また、自治体によっては、高齢者の見守りを兼ねた配食サービスや、定期的な訪問による安否確認サービスを実施しているところもあります。親の住む地域で利用可能なサービスを調べ、必要に応じて申請手続きを進めましょう。
生活支援サービスを利用する
民間事業者も、高齢者の生活を支援する様々なサービスを展開しています。
家事代行サービス
一人暮らしの高齢者にとって、掃除や洗濯、食事の準備などの家事は大きな負担となります。家事代行サービスを利用することで、日常生活をサポートすることができます。サービスの内容や料金体系は事業者によって異なるため、親の住む地域で利用可能なサービスを比較検討することが大切です。また、サービスの利用開始前に、親の同意を得ることを忘れないようにしましょう。
食事宅配サービス
バランスの取れた食事は、高齢者の健康維持に欠かせません。食事宅配サービスを利用することで、栄養価の高い食事を手軽に取ることができます。配食サービスには、自治体や社会福祉協議会が実施するものと、民間事業者が提供するものがあります。それぞれのメニューや価格、配達頻度などを確認し、親の嗜好や健康状態に合ったサービスを選びましょう。
移動支援サービス
一人暮らしの高齢者にとって、通院や買い物など、外出の機会を確保することは重要です。しかし、公共交通機関の利用が困難な場合、移動手段の確保が課題となります。自治体や社会福祉協議会、NPO法人などが提供する移動支援サービスを利用することで、高齢者の外出をサポートすることができます。また、民間事業者が提供するタクシー利用料金の助成制度などもあるため、親の住む地域で利用可能なサービスを探してみましょう。
医療面のサポート体制を整える
年を重ねるごとに、健康面での不安が増えていきます。ましてや親が遠方で一人で暮らしているのであれば尚更です。医療面でのサポート体制も整えておく必要があります。
かかりつけ医との連携
高齢者にとって、かかりつけ医との信頼関係は欠かせません。遠方に住む子どもも、親のかかりつけ医と連絡を取り、日頃の健康管理や治療方針について情報共有することが大切です。また、かかりつけ医から、親の健康状態について定期的に報告を受けることで、遠方からでも医療面のサポートを行うことができます。
遠隔診療の活用
近年、ICT技術の発展に伴い、遠隔診療サービスが普及してきています。スマートフォンやタブレット端末を使って、自宅にいながら医師の診察を受けることができます。特に、移動が困難な高齢者にとって、遠隔診療は大きなメリットがあります。ただし、すべての疾患に対応できるわけではないため、かかりつけ医と相談の上、適切に活用することが大切です。
服薬管理の支援
高齢者の中には、複数の疾患を抱え、多くの薬を服用している人もいます。
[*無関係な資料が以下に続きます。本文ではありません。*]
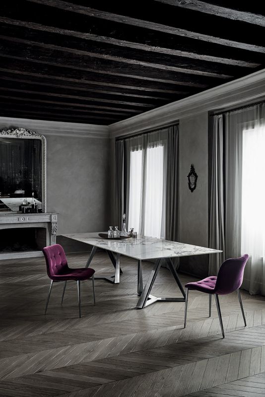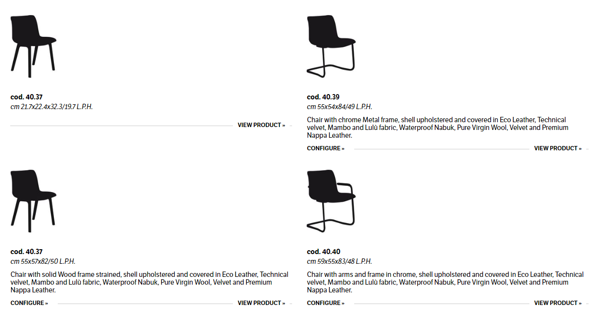 Chair with solid Wood or Metal frame. Shell upholstered and quilted.
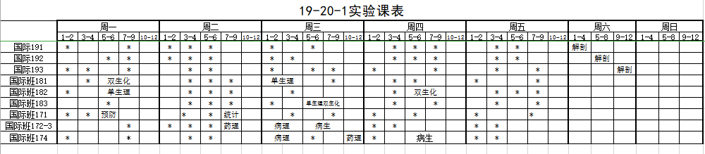 【实践教学】19-20-1实验课表

服薬管理の誤りは、健康状態の悪化につながるため、注意が必要です。遠方に住む子どもは、親の服薬状況を定期的に確認し、飲み忘れや重複服用がないか、電話やビデオ通話で確認することが大切です。また、薬局と連携し、薬の一包化や自動配薬ロボットの利用など、服薬管理を支援するサービスの活用も検討しましょう。
災害時や緊急時に備える
災害時や緊急時に備えて、親との連絡手段や、避難場所などの情報共有、確認もしておきましょう。
緊急連絡先の共有
一人暮らしの高齢者にとって、緊急時の連絡先を周囲の人々と共有しておくことは非常に重要です。親の住所や電話番号、かかりつけ医の連絡先などを、近所の人や民生委員、地域包括支援センターなどに伝えておきましょう。また、親の家の見やすい場所に、緊急連絡先を記載したメモを貼っておくことも有効です。
キーボックスやスマートロックの設置
一人暮らしの高齢者が急病や事故で倒れた際、救急隊が家に入るために玄関のカギを壊さなければならないことがあります。キーボックスを設置しておけば、緊急時に救急隊が迅速に家に入ることができます。
またスマートロックであれば、家族が遠隔から解錠も可能です。
避難場所や避難経路の確認
地震や台風などの自然災害に備えて、親の住む地域の避難場所や避難経路を確認しておきましょう。また、親自身にも、避難場所への行き方を説明し、理解してもらうことが大切です。避難時の持ち出し品については、リュックサックなどにまとめて準備しておくと安心です。非常食や飲料水、常備薬、ラジオ、懐中電灯などを揃えておきましょう。
遠方の親とのコミュニケーションを大切に
遠方に住む親とのコミュニケーションを大切にするためには、定期的な帰省や訪問が欠かせません。帰省の際は、親の日常生活の様子を直接確認し、必要なサポートを行いましょう。また、親と一緒に過ごす時間を大切にし、思い出作りにも努めましょう。帰省の頻度は、親の健康状態や家族の事情によって異なりますが、少なくとも年に数回は訪問することが望ましいでしょう。